Катя, которая мечтала рисовать цветы и деревья, жуков и божьих коровок, нарядные домики с расписными ставнями, а лучше всего – забавных зверушек, через полгода взмолилась: «Ма, я не хочу туда ходить. Скучно там. Этот Петр Петрович только и твердит, что главное – техника, что художник без техники – это самолет без мотора или пушка без снарядов. Мам, мне вообще кажется, что он не художник никакой. Он больше похож на генерала из фильма про войну. Командует все время: встать, сесть, смирно. И рисуем мы только гипсовые фигуры, больше ничего!» Но мама уговорила потерпеть, сказала, что техника – это важно и что зверушек можно рисовать дома.
Таких разговоров было не два и не три, но после случая с конкурсом Катя, тогда уже почти подросток, взбунтовалась и категорически отказалась ходить в кружок. Ее работу забраковали, не выбрали для участия в районном смотре юных художников, и она была возмущена до предела: «Все наши сказали, что мой рисунок круче всех! Даже Инга, которая у нас самая вредная, признала, что я нарисовала лучше, чем она, а этот… Петр Петрович! – Катя с такой силой сжимала губы, произнося имя педагога, что они заболели. – Сказал, что таких зверей не бывает! Не пойду я туда больше!»
Придирки и вечное недовольство Петра Петровича отбили у Кати желание рисовать на несколько лет. Всякий раз, доставая из ящика стола бумагу и карандаши, она будто слышала его ехидный голос: «Глажина, и где это, интересно, ты видела таких мышей? В бреду? Что за глаза у нее? Она бешеная? И голова у нее больше туловища, так не бывает. Возьми энциклопедию, посмотри, как выглядит мышь-полевка. А то развели тут, понимаешь, абстракционизм, анимализм и примитивизм разом!»
Зато в школьных и институтских тетрадях, на запотевшем зеркале в ванной, заледеневшем окне автобуса рисовать было не страшно. Это было будто понарошку, не всерьез.

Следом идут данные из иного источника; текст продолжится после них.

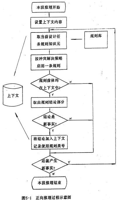 正向推理系统中,用户先输入与当前问题有关的信息,构成当前数据库(上下文)。正向推理的示意图如图5-l。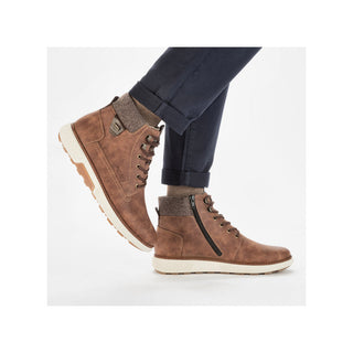 Dites adieu aux pieds froids ! Ces bottines à lacets Rieker marron cannelle offrent une grande liberté de mouvement tout en maintenant vos pieds en place. Malgré le laçage, la chaussure se ferme facilement grâce à la fermeture éclair. Le col de la tige aspect textile complète parfaitement son design moderne. La semelle, adhérente et légère, assure une bonne adhérence en toutes circonstances. La semelle intérieure rembourrée et amovible offre confort et fonctionnalité au quotidien. La largeur H supplémentaire offre une liberté de mouvement suffisante aux orteils. Vos pieds resteront au chaud toute la journée grâce à la doublure douillette et au sec grâce à la technologie RiekerTEX. Tout en un : le top !

Но можно ведь и сейчас так же, не всерьез? Тем более что они уже давно рисуют вместе с Ташей – и для развлечения, и по необходимости, когда делают домашнее задание по рисованию: «А давай тут еще лягушку в уголке добавим? Вот такие у нее лапки, вытаращенные глаза, разинутый рот и длинный язык, чтоб ловить мух…» Когда дочь засыпала, Катя садилась за большой стол, доставала карандаши, краски, бумагу и представляла лягушку грустной. Или сердитой. Или в прыжке. Линия, и еще одна, и еще, теперь штрихи… Рука постепенно вспоминала, как переносить на бумагу подвижное и статичное, становилась все послушнее, все уверенней и тверже. Катя засиживалась за столом до ночи и улыбалась по утрам, придумывая, что нарисует вечером.
Из-за какого-то необъяснимого стеснения рисунки она никому не показывала, даже Таше. Своей вернувшейся радостью она могла бы, наверное, поделиться с мамой, но разве не глупо – тащить все это или хотя бы один лист бумаги на кладбище? Куда его там? Прислонить к памятнику? Зарыть под цветы? Глупо. Глупо!
День десятой годовщины маминой смерти, выпавший на субботу, не задался у Кати с самого утра. Она не выспалась, чувствовала себя отвратительно, сердилась на дочь и вопреки обыкновению даже повысила на нее голос.